Exercise brief -
In the copy, include no pictures. Reproduce the rest of the entries exactly.

Stored records -
· · · · ·
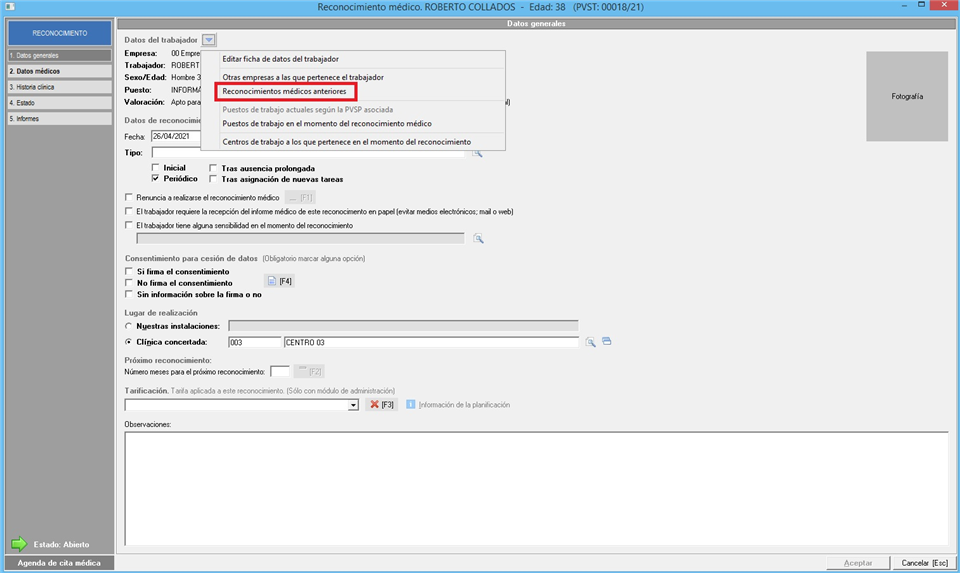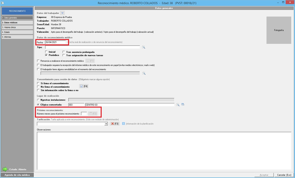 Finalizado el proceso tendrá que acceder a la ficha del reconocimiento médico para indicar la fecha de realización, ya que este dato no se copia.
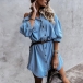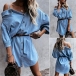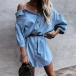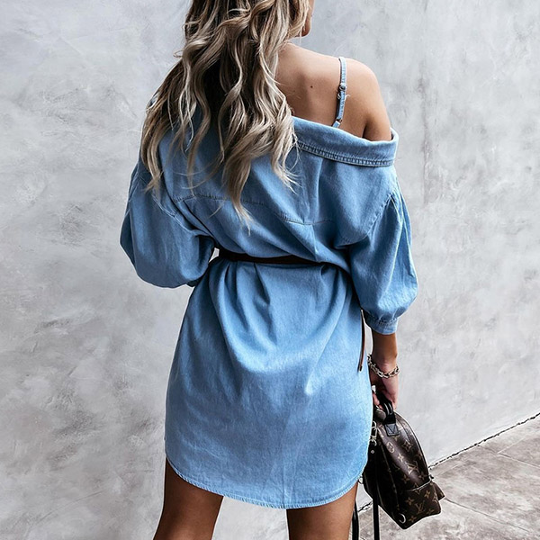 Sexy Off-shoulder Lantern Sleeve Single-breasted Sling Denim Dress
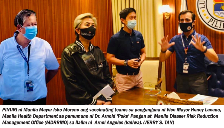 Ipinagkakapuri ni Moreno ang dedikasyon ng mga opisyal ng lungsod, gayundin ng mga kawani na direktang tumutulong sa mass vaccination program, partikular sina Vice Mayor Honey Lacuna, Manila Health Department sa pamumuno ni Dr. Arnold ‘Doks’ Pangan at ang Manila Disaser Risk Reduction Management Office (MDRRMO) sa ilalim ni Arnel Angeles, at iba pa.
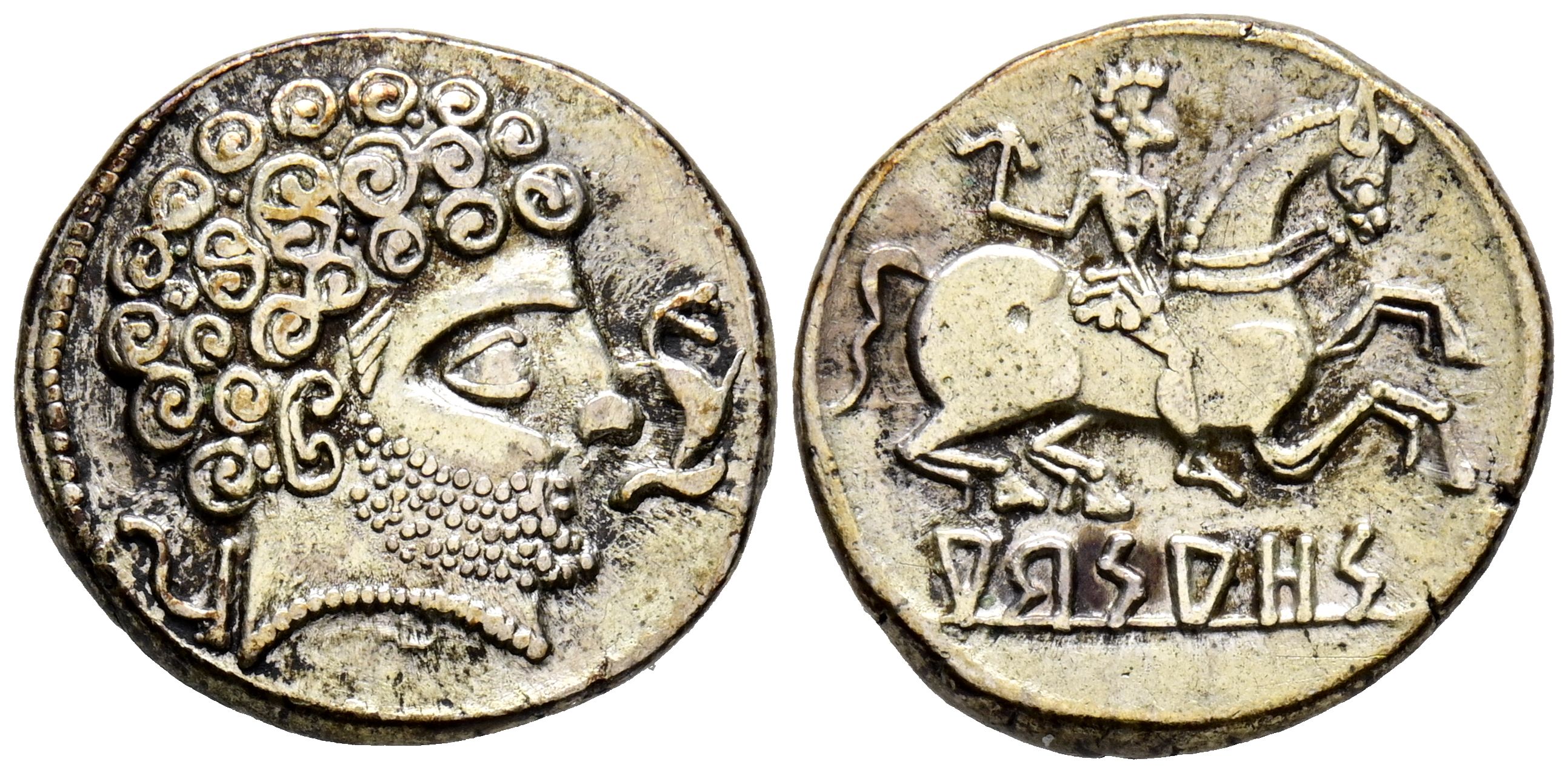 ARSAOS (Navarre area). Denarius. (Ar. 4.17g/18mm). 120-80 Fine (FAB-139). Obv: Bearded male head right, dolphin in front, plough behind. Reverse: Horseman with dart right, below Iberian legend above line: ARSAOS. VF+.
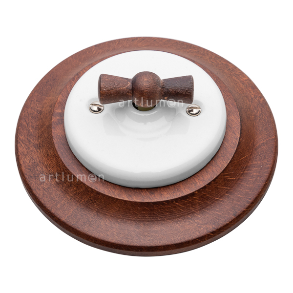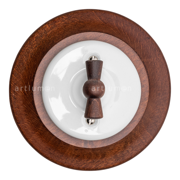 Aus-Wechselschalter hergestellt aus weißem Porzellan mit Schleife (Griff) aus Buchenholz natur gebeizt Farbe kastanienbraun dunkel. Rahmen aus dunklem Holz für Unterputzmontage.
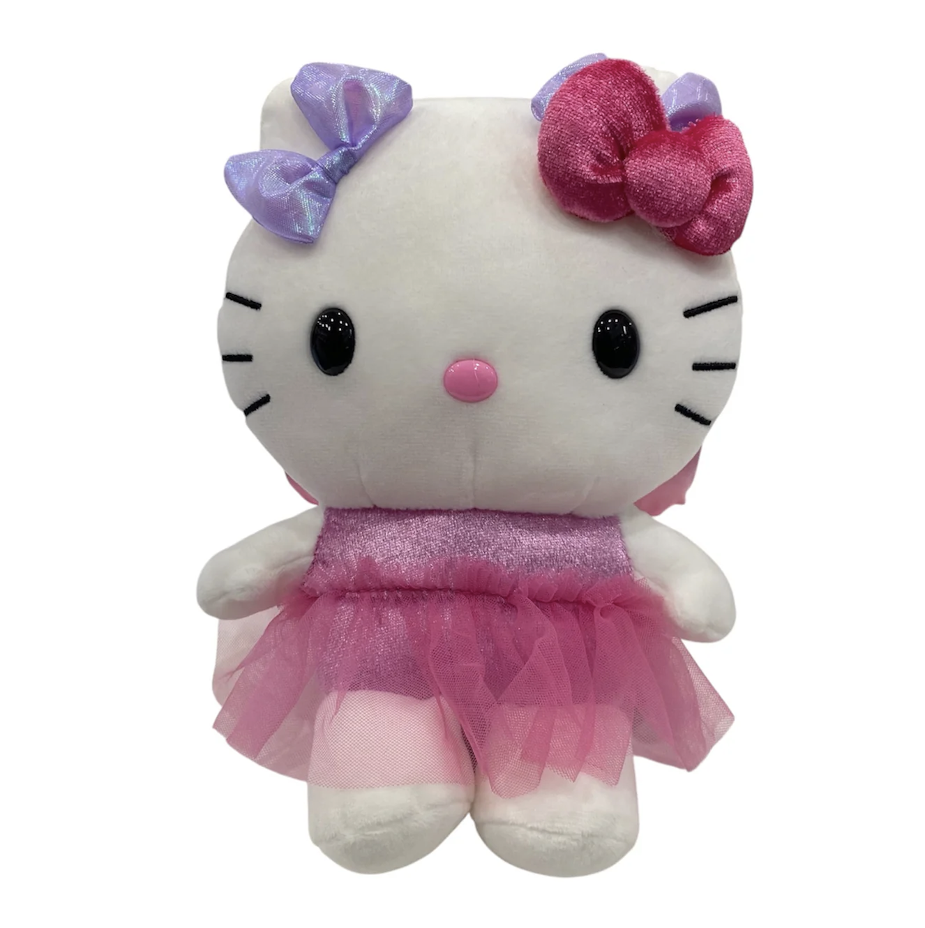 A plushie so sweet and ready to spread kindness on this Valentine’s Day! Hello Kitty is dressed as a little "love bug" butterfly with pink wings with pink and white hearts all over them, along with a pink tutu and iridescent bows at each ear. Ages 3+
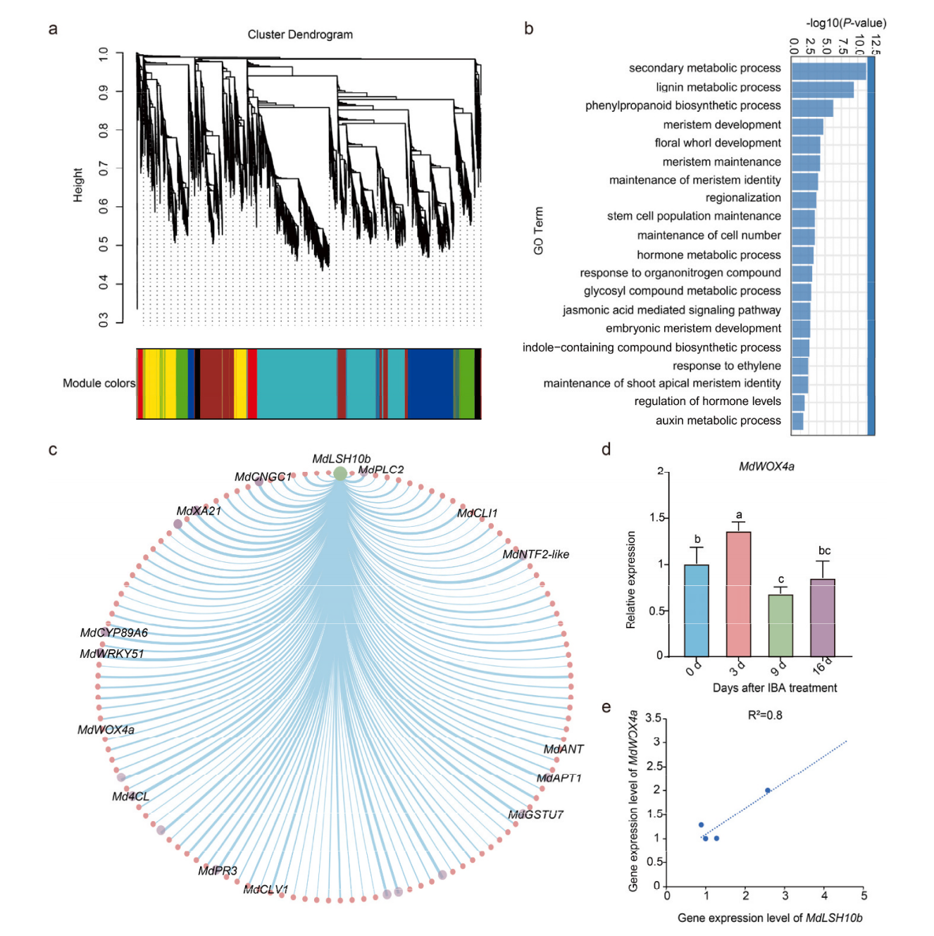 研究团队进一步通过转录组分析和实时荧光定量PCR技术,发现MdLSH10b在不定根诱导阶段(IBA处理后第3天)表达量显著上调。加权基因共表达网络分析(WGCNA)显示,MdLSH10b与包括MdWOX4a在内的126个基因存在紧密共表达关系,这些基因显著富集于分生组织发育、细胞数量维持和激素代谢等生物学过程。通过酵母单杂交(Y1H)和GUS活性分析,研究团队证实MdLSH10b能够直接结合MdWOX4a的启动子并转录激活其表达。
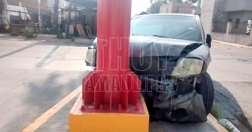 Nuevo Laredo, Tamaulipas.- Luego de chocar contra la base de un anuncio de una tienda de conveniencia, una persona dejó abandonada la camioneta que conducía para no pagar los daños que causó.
· · · · ·
Output of the task -
 Finalizado el proceso tendrá que acceder a la ficha del reconocimiento médico para indicar la fecha de realización, ya que este dato no se copia.
 Sexy Off-shoulder Lantern Sleeve Single-breasted Sling Denim Dress
 Ipinagkakapuri ni Moreno ang dedikasyon ng mga opisyal ng lungsod, gayundin ng mga kawani na direktang tumutulong sa mass vaccination program, partikular sina Vice Mayor Honey Lacuna, Manila Health Department sa pamumuno ni Dr. Arnold ‘Doks’ Pangan at ang Manila Disaser Risk Reduction Management Office (MDRRMO) sa ilalim ni Arnel Angeles, at iba pa.
 ARSAOS (Navarre area). Denarius. (Ar. 4.17g/18mm). 120-80 Fine (FAB-139). Obv: Bearded male head right, dolphin in front, plough behind. Reverse: Horseman with dart right, below Iberian legend above line: ARSAOS. VF+.
 Aus-Wechselschalter hergestellt aus weißem Porzellan mit Schleife (Griff) aus Buchenholz natur gebeizt Farbe kastanienbraun dunkel. Rahmen aus dunklem Holz für Unterputzmontage.
 A plushie so sweet and ready to spread kindness on this Valentine’s Day! Hello Kitty is dressed as a little "love bug" butterfly with pink wings with pink and white hearts all over them, along with a pink tutu and iridescent bows at each ear. Ages 3+
 研究团队进一步通过转录组分析和实时荧光定量PCR技术,发现MdLSH10b在不定根诱导阶段(IBA处理后第3天)表达量显著上调。加权基因共表达网络分析(WGCNA)显示,MdLSH10b与包括MdWOX4a在内的126个基因存在紧密共表达关系,这些基因显著富集于分生组织发育、细胞数量维持和激素代谢等生物学过程。通过酵母单杂交(Y1H)和GUS活性分析,研究团队证实MdLSH10b能够直接结合MdWOX4a的启动子并转录激活其表达。
 Nuevo Laredo, Tamaulipas.- Luego de chocar contra la base de un anuncio de una tienda de conveniencia, una persona dejó abandonada la camioneta que conducía para no pagar los daños que causó.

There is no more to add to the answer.